> **ABOUT THIS EXERCISE**: Please keep to the lines below from the one with "The mark consists" through the one with "1. Gib Erdbeeren, Eier, Mehl, Zucker, Öl", and restate them word for word, ends included.

> **SOURCE INFORMATION**:

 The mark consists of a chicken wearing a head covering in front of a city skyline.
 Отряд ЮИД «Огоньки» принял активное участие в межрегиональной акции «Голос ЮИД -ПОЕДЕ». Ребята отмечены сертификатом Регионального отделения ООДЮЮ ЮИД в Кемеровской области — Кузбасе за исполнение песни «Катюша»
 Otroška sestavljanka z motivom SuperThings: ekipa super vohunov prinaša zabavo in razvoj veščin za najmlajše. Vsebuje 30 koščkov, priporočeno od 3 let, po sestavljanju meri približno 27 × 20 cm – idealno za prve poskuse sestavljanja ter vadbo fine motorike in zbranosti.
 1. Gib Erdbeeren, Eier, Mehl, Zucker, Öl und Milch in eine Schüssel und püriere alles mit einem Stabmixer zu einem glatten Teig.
* * *
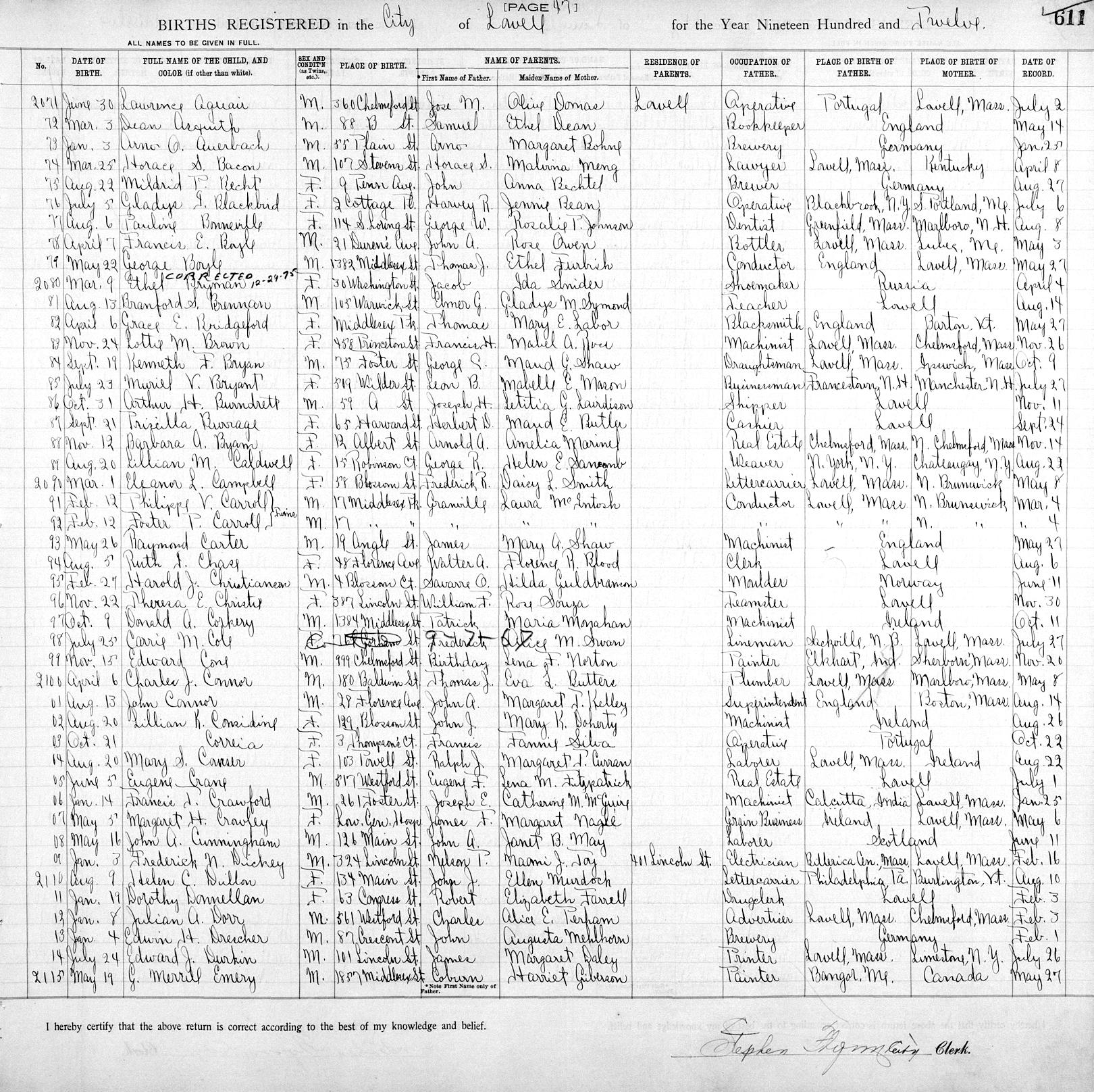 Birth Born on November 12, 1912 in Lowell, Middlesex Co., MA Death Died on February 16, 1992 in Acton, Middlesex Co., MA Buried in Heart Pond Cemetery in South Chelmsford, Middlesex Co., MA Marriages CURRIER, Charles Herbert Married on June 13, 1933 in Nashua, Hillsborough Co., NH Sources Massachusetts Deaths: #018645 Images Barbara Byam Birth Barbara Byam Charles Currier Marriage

> **TASK RESULT**:
 The mark consists of a chicken wearing a head covering in front of a city skyline.
 Отряд ЮИД «Огоньки» принял активное участие в межрегиональной акции «Голос ЮИД -ПОЕДЕ». Ребята отмечены сертификатом Регионального отделения ООДЮЮ ЮИД в Кемеровской области — Кузбасе за исполнение песни «Катюша»
 Otroška sestavljanka z motivom SuperThings: ekipa super vohunov prinaša zabavo in razvoj veščin za najmlajše. Vsebuje 30 koščkov, priporočeno od 3 let, po sestavljanju meri približno 27 × 20 cm – idealno za prve poskuse sestavljanja ter vadbo fine motorike in zbranosti.
 1. Gib Erdbeeren, Eier, Mehl, Zucker, Öl und Milch in eine Schüssel und püriere alles mit einem Stabmixer zu einem glatten Teig.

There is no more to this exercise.